Error Handling Strategy
The error types are defined using thiserror, which generates nice Display implementations:
#[derive(Error, Debug)]
pub enum EvalError {
#[error("Failed to read file: {0}")]
FileRead(#[from] std::io::Error),
#[error("API request failed with status {status}: {body}")]

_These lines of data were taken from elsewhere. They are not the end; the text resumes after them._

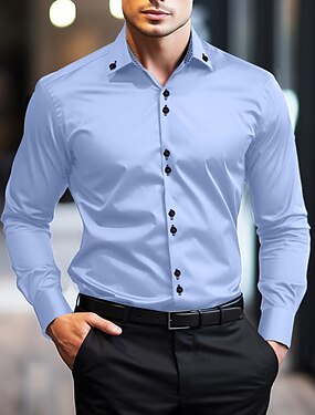 Homens Saia camisa de botão Bloco de cor Casamento Ao ar livre Preto Branco Azul Royal Azul Manga Longa Colarinho Verão Primavera Roupa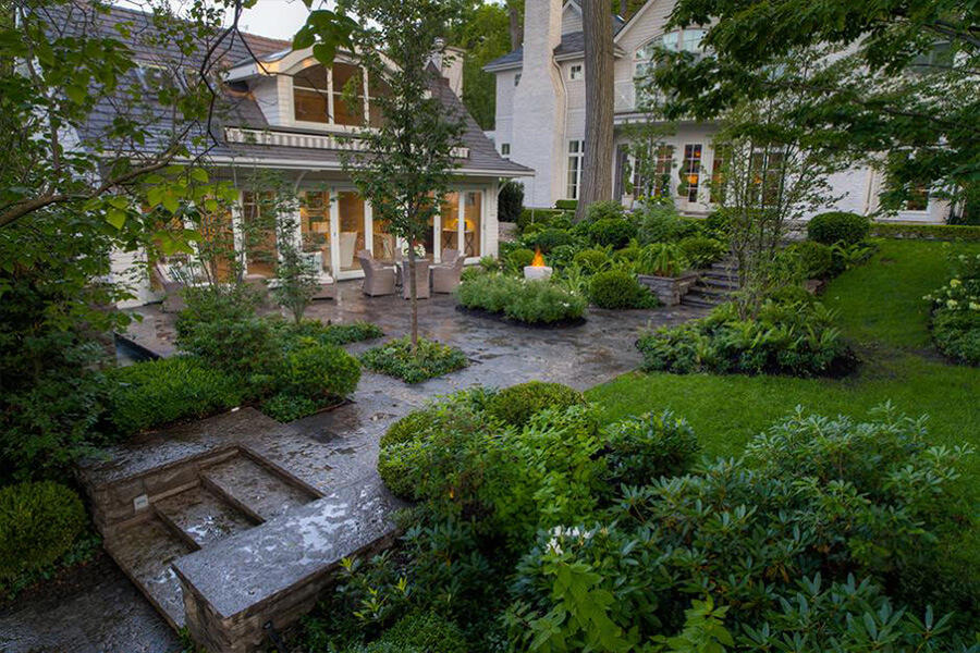 This beautiful and lush garden oasis is a labour of love for a passionate gardener. JRS has worked closely with the client over the past 15+ years to design and evolve the entire outdoor space, from the pool and Wiarton Stone paved pool terrace, to the plantings and deck. The result is an organic environment that can be experimented with and changed over time in subtle ways, all within the framework of the original design. Many of the original plantings have grown to provide incredible seasonal texture, colour and privacy for this urban garden.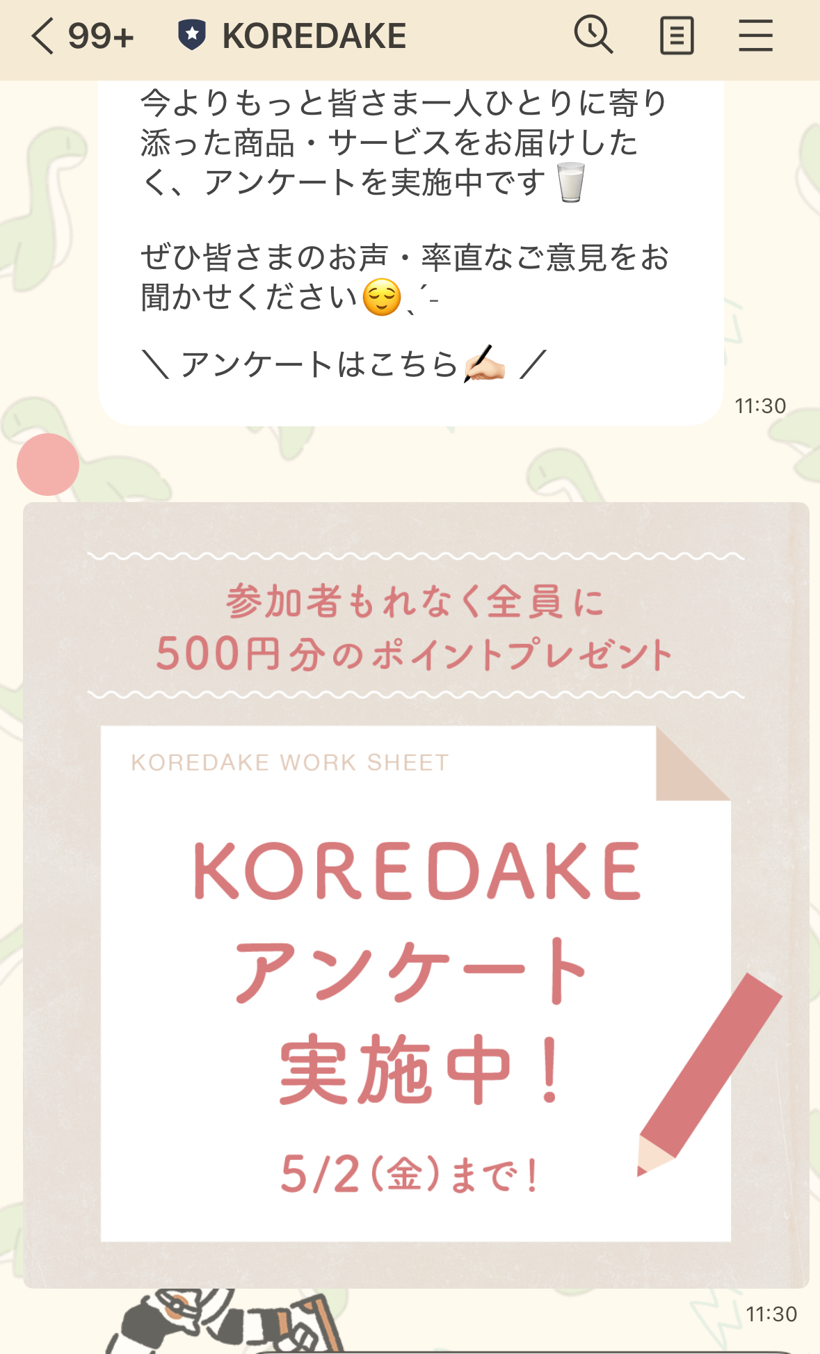 KOREDAKE公式で通年ある友達紹介クーポンは、紹介した人もその友達も使えるかなりお得なクーポン。

ApiError { status: u16, body: String },
#[error("Provider '{0}' not found")]
ProviderNotFound(String),
#[error("Judge model '{model}' failed: {source}")]
JudgeFailure {
model: String,
#[source]
source: Box<EvalError>,
},
// ...
}The #[from] attribute automatically implements From<std::io::Error> for EvalError, enabling the ? operator. The JudgeFailure variant uses Box<EvalError> for recursive error types, and #[source] integrates with the error chaining system.
Static Asset Serving
Finally, there's embedded static assets via rust-embed:
#[derive(RustEmbed)]
#[folder = "static/"]
struct StaticAssets;
async fn static_file_handler(req: HttpRequest) -> impl Responder {
let path = if req.path() == "/" {
"index.html"
} else {
&req.path()[1..]
};
match StaticAssets::get(path) {
Some(content) => {
let mime = mime_guess::from_path(path).first_or_octet_stream();
HttpResponse::Ok().content_type(mime.as_ref()).body(Cow::into_owned(content.data))
}
None => HttpResponse::NotFound().body("404 Not Found"),
}
}This compiles the entire frontend into the binary, making deployment a single executable. The Cow::into_owned converts from borrowed to owned data for the response body.
Conclusion
This codebase demonstrates several Rust best practices: trait-based abstraction for providers, comprehensive error handling with thiserror, async concurrency with tokio, type-safe database queries with SQLx, and actor-based WebSocket management. The "LLM-as-a-judge" pattern is particularly clever for automated evaluation workflows. Overall, it's a solid example of how to structure a production Rust web service with multiple external integrations.